Robert Frost's Estate Does Use Copyright to Crush Use of "Stopping by Woods..."
In response to my Bloomberg View column on copyright excesses, my college classmate Joanne Karohl posted the following comment:
Since Frost poems were mentioned in the article, I wanted to mention an interesting use of copyright to prevent someone from using specifically "Stopping by Woods..." A well known composer, Eric Whitacre, wrote a piece for chorus which now goes by the title "Sleep" but was originally written to set "Stopping By Woods" to music. I am not sure if the poem had briefly passed out of copyright in between congressional extensions, or if he believed that he had permission, but in any case after a couple of performances, he was stopped from using the poem by the estate of Robert Frost, and had to have a friend write another poem especially for the music. You can actually find the original work with the Frost words on You Tube...it is much better in my opinion than the final version with the new words.
The story was not only news to me, but actually contradicts a claim, which Tom Bell pointed me to at the last minute, that the copyright on the poem, as opposed to the book in which it appeared, was never properly renewed. Since the Poetry Foundation and others behave as though the poem is under copyright, I decided not to raise the issue in the column and only modified the language slightly--a good call, since the Frost estate does, as Joanne pointed out, go around enforcing the copyright against people making commercial use of the poem.
On his website, Eric Whitacre tells the story of his clash with the estate. He had written a choral work, setting the poem to music, at the request of Julia Armstrong, an Austin, Texas, lawyer and professional mezzo-soprano who sings with the Austin ProChorus. He writes:
The poem is perfect, truly a gem, and my general approach was to try to get out of the way of the words and let them work their magic. We premiered the piece in Austin, October 2000, and the piece was well received. Rene Clausen gave it a glorious performance at the ACDA National Convention in the spring of 2001, and soon after I began receiving letters, emails, and phone calls from conductors trying to get a hold of the work.
And here was my tragic mistake: I never secured permission to use the poem. Robert Frost's poetry has been under tight control from his estate since his death, and until a few years ago only Randall Thompson (Frostiana) had been given permission to set his poetry [to music]. In 1997, out of the blue, the estate released a number of titles, and at least twenty composers set and published Stopping By Woods on a Snowy Evening for chorus. When I looked online and saw all of these new and different settings, I naturally (and naively) assumed that it was open to anyone. Little did I know that the Robert Frost Estate had shut down ANY use of the poem just months before, ostensibly because of this plethora of new settings.
After a LONG legal battle (many letters, many representatives), the estate of Robert Frost and their publisher, Henry Holt Inc., sternly and formally forbid me from using the poem for publication or performance until the poem became public domain in 2038.
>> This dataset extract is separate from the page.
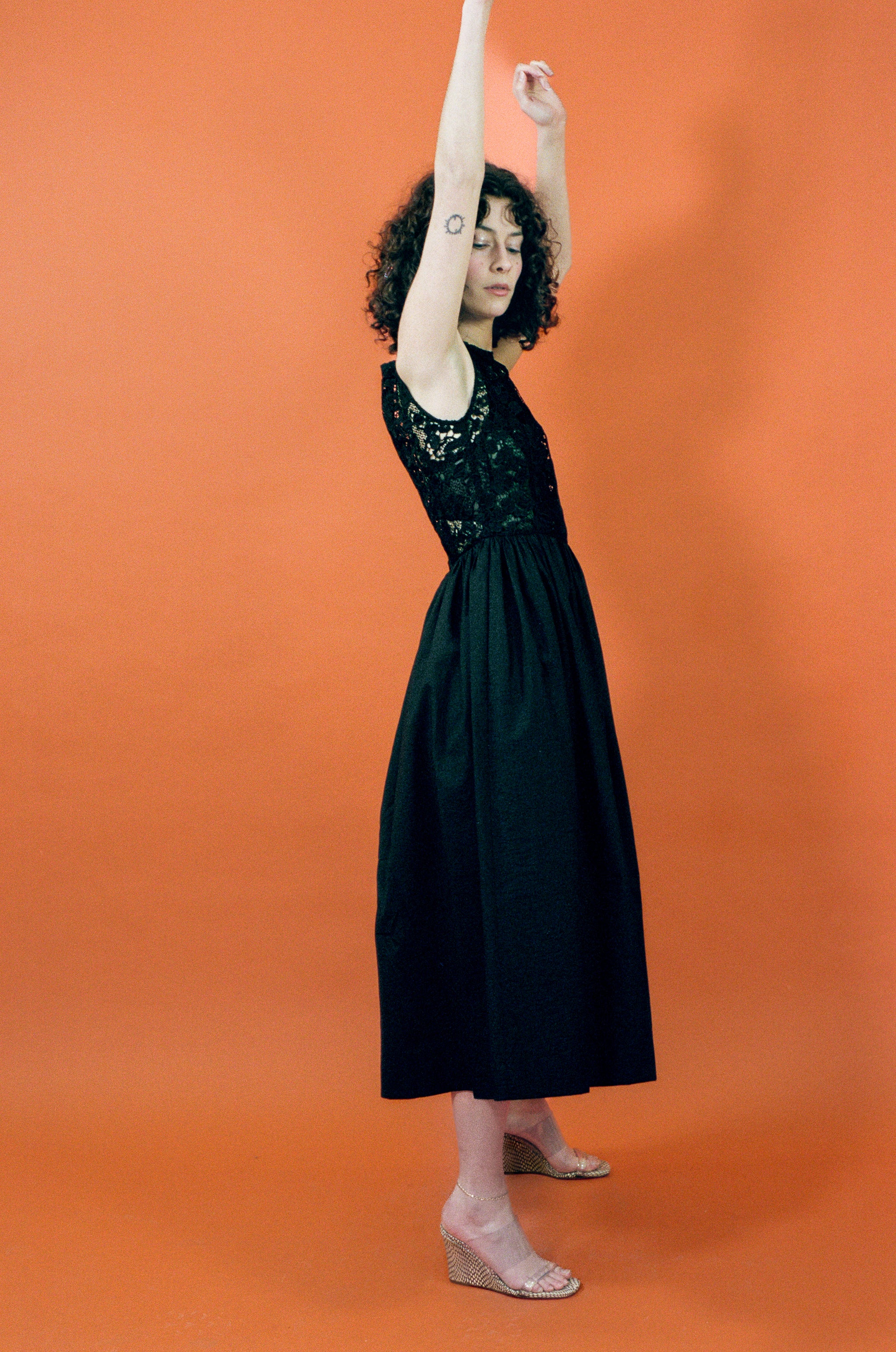 The Erica Dress combines two signature Naya Rea textures: a crochet-lace bodice and a crisp cotton-poplin skirt. The bodice is crafted from intricate openwork lace that sits lightly on the body, while the gathered skirt adds volume and ease of movement. Finished with side pockets for comfort and practicality.

I was crushed. The piece was dead, and would sit under my bed for the next 37 years because of some ridiculous ruling by heirs and lawyers.
He salvaged the work by getting a poet friend, Charles Anthony Silvestri, to write new words for the music. In another blog post, he writes that he prefers the new version and that Silvestri "not only replaced the poem, he saved the piece. He actually made my music much, much better, on every level."